A downlink data processing method for a mobile broadband device, comprising the following steps:

 Receiving a function call request from the Android interface of the wireless interface layer RIL;

 In the case that the function call request is a data service and a configuration service, the QMI daemon process is used to encapsulate the function call request into a corresponding QMI instruction by using a QMI protocol interface registered in the RIL library, and the encapsulated QMI instruction is encapsulated. The data is sent to the network drive interface specification DIS device.

2. The method according to claim 1, wherein the QMI instruction comprises one of the following: a wireless data service WDS, a control service CTL, and a device management service DMS.

3. The method of claim 1, wherein transmitting the encapsulated QMI command data to the DIS device comprises:

 The QMI daemon sends the encapsulated QMI instruction data to the NDIS device through an asynchronous mechanism.

4. An uplink data processing method for a mobile broadband device, comprising the following steps:

 The QMI daemon detects the status data from the network driver interface specification DIS device; parses the message type according to the status data, and reports the analysis result to the radio interface layer RIL module of the Android system, where the status data includes at least the following One: status switching data, status conversion data, hot plug event messages.

A data processing method for a mobile broadband device, comprising the downlink data processing method according to any one of claims 1 to 3 and the uplink data processing method according to claim 4.

The method according to claim 5, wherein the method further comprises:

 The QMI daemon is started when the Android system is initialized.

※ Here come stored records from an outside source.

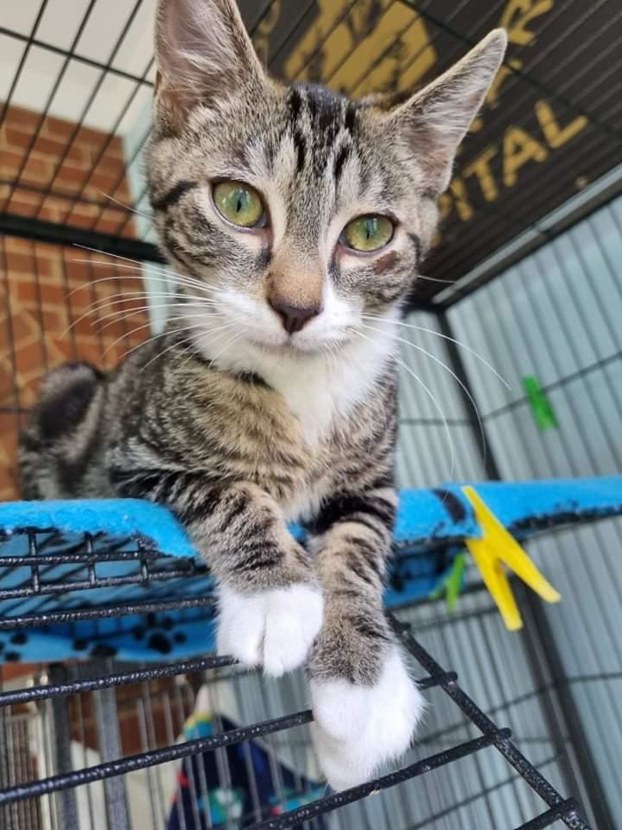 Tip came to us with his brother when they were just 6 weeks old. They were found living in an old mattress & were very malnourished. After a bath, a good feed & a lot of TLC the boys had shown improvement in he first 24hrs of being in our care. Tip is now almost 4 months old & still looking for a family of his own. Tip has a bright & bubbly personality & just wants to play all day. He doesn't really like being on his own so a home with another cat or dog, or someone who doesn't work long hours would be perfect for Tip.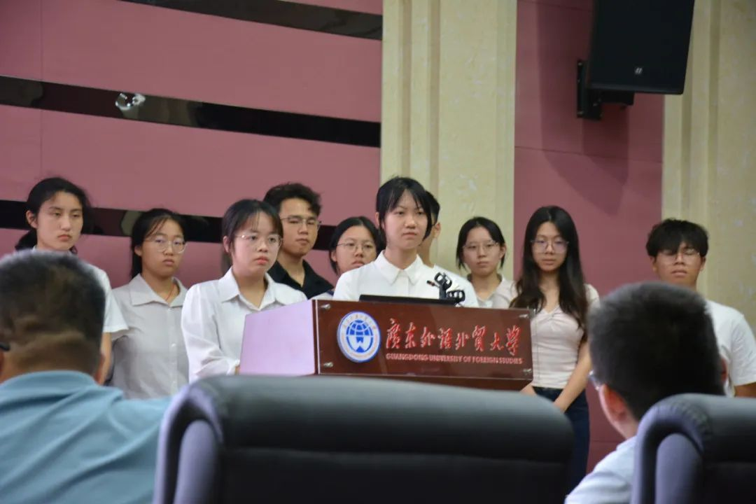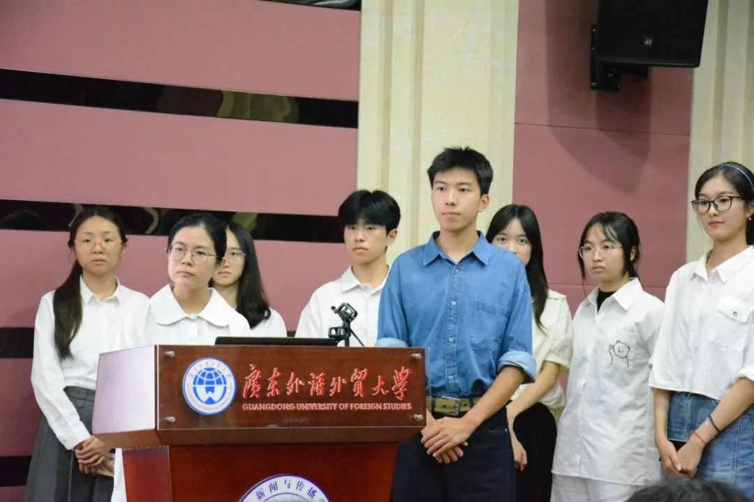 6月19日晚,广东外语外贸大学新闻与传播学院2025年第九届“讲好广东故事”新闻调查大赛暨县级融媒体中心新闻实践活动及青年大学生“百千万工程”突击队行动立项答辩会。由暨南大学教务处处长,新闻与传播学院教授,博士生导师刘涛、广东省新闻工作者协会副秘书长郝光以及广州日报高级编辑毛玉西等老师担任评委,粤融新锋队、粤度沸腾创作组等13支队伍参与,围绕实践项目展开精彩答辩。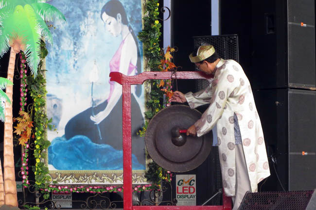 Đội múa lân trên sân khấu với chủ đề “Cung Nghinh Thượng Thủy Tổ Việt Nam”

A driving device for a mobile broadband device, comprising a wireless interface layer RIL module, the driving device further comprising a QMI module and an NDIS driving module connected to the network driving interface specification DIS device, wherein the RIL module is set to be When the function call request of the Android system from the RIL layer is received as a data service and a configuration service, the function call request is sent to the QMI module by using a QMI protocol interface registered in the RIL library; The QMI module is configured to receive the function request from the RIL module, use the QMI daemon to encapsulate the function call request into a corresponding QMI instruction, and send the encapsulated QMI data to the DIS driver module . The driving device according to claim 7, wherein the QMI module comprises:

 a QMI client, configured to provide an interface and encapsulation of the RIL layer, such that the RIL layer invokes the QMI daemon when processing the data service and the configuration service;

 The QMI daemon unit is configured to receive the function call request from the QMI client, and encapsulate the function call request into a corresponding QMI instruction, where the QMI instruction includes one of the following: a wireless data service WDS, Control Service CTL, Device Management Service DMS. The driving apparatus according to claim 8, wherein said QMI daemon unit is further configured to detect status data of said DIS device from said DIS driving module, and parse according to the detected message type of said status data And parsing the result of the parsing to the RIL module, where the status data includes at least one of the following: switching data of the status, conversion data of the status, and hot plug event message. The driving device according to any one of claims 7 to 9, wherein the DIS driving module is configured to register a hook function in a USB communication device type Ethernet control model CDC-ECM driver in the Android system, Implementing the analysis of the control data by the USB CDC-ECM driver, wherein the hook function implements sending and parsing the QMI data in the QMI daemon.